Funeral Diner was a screamo band from Half Moon Bay, California, located near San Francisco. During their last few years, the band established a strong cult fanbase through a near constant string of releases and a touring schedule during which they visited the United States, Europe, and Japan.

The band had a large catalog of splits and compilation tracks on various records.
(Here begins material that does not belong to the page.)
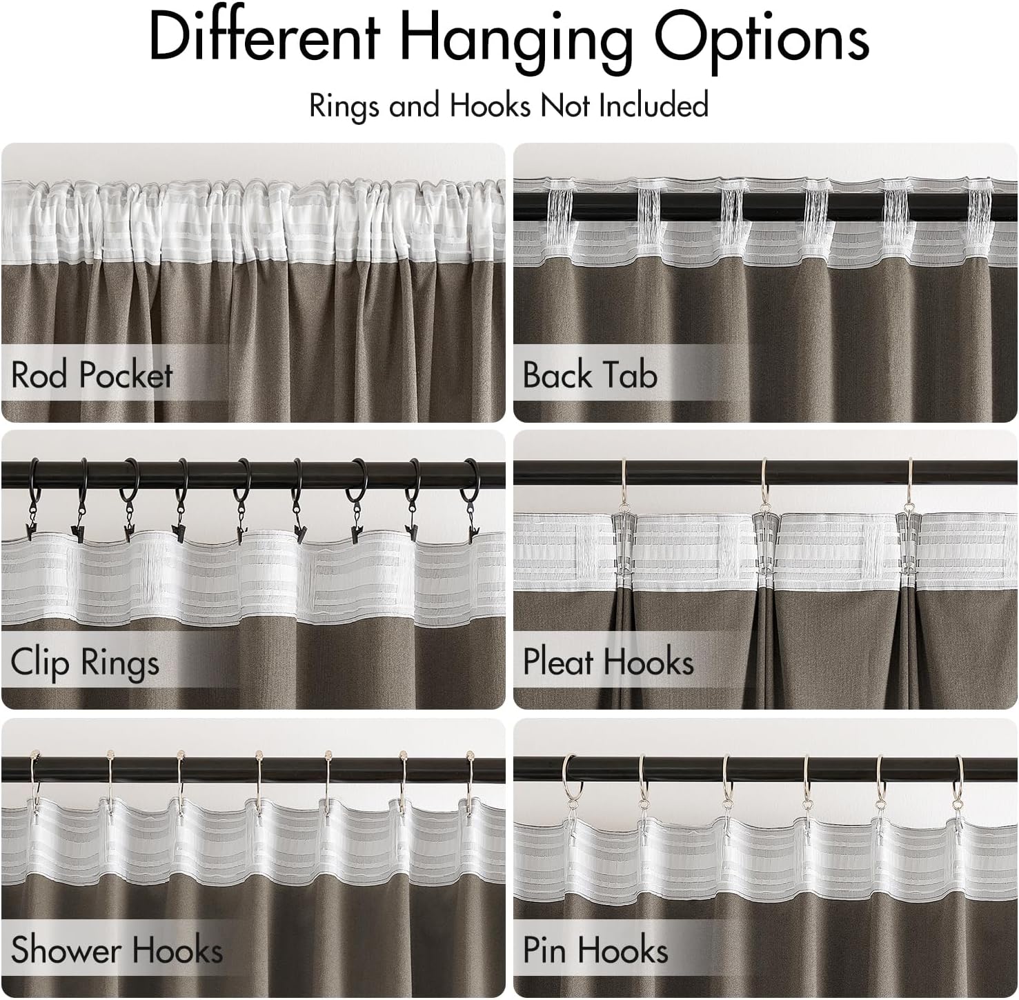 • HANGING OPTIONS: Each curtain panel has 3-in-1 top style design: rod pocket, back tab and pinch pleat. Back loop (2.3 inch) and rod pocket (3.1 inch) fit most standard rod. Curtains also can be hung with clip rings or curtain hooks. 3 ways to meet your various needs.

They rarely pressed CDs, and kept many of their releases in limited quantities and one-time pressings, jumping from label to label, though their last few major recordings were released by Alone Records. Their most recent full-length, The Underdark, was issued on Alone in 2005.

Members of the band were previously affiliated with other groups such as Nexus Six, Portraits of Past, Living War Room, Lost Ground, Sheep Squeeze, and Takaru. After the breakup, members have gone on to form Stirling Says, ...Who Calls So Loud, Pills, and Lemonade.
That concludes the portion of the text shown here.